* Dataset excerpt

##############################

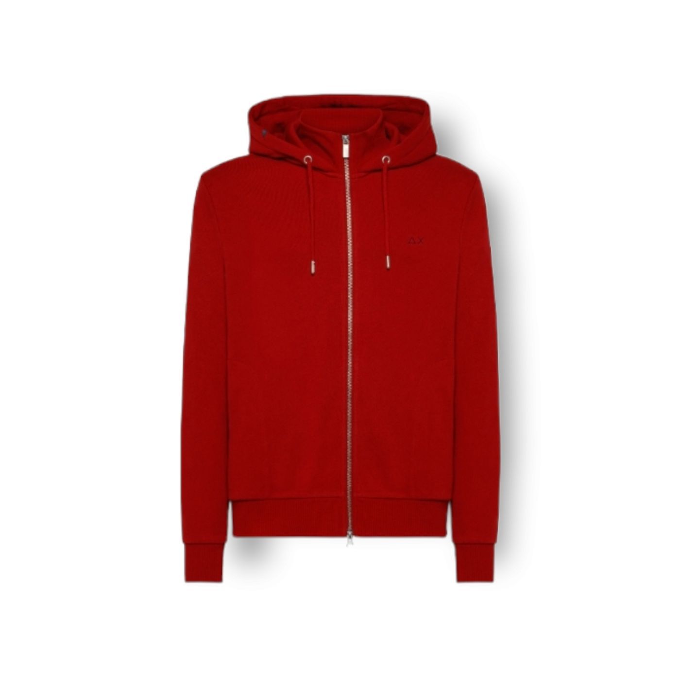 Sweatshirt mit Reißverschluss und Kapuze mit farblich abgestimmtem gesticktem Logo auf der Vorderseite.
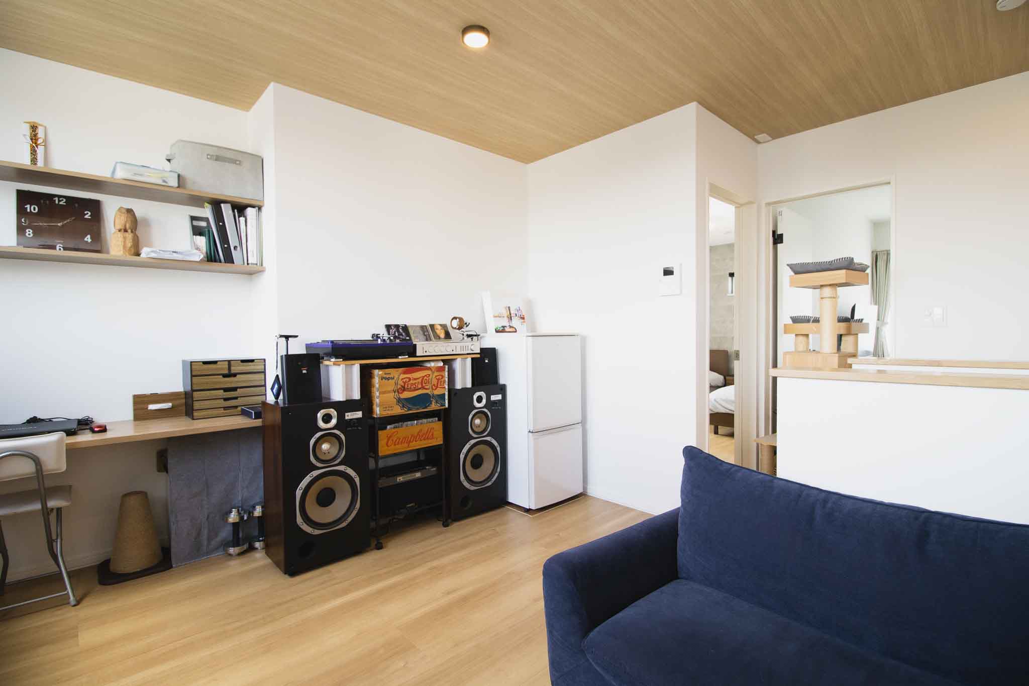 サブリビング:7帖のサブリビングはレコードやゲームを楽しむ団欒のスペース。テレワークやお子様のプレイルームとしても活用できます。
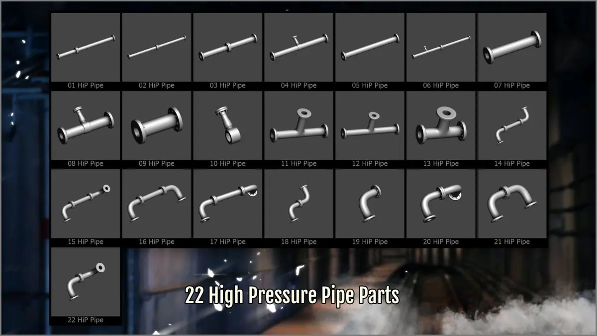 You can use them for building space ship engine rooms, industrial sceneries, dystopian future sci-fi artworks, machines and robots, vehicles, city gutters, urban scenes, plumbery, construction scenes, bathrooms, boiler rooms, factories, gas pipes, and much more.
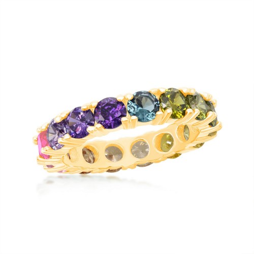 Sterling Silver Rainbow CZ 2mm Eternity Band Ring – Gold Plated

##############################

* Task directions
An exact restatement is expected of the lines from the line containing "You can use" to the end of the data above, pictures excluded.

* Solution to this exercise
 You can use them for building space ship engine rooms, industrial sceneries, dystopian future sci-fi artworks, machines and robots, vehicles, city gutters, urban scenes, plumbery, construction scenes, bathrooms, boiler rooms, factories, gas pipes, and much more.
 Sterling Silver Rainbow CZ 2mm Eternity Band Ring – Gold Plated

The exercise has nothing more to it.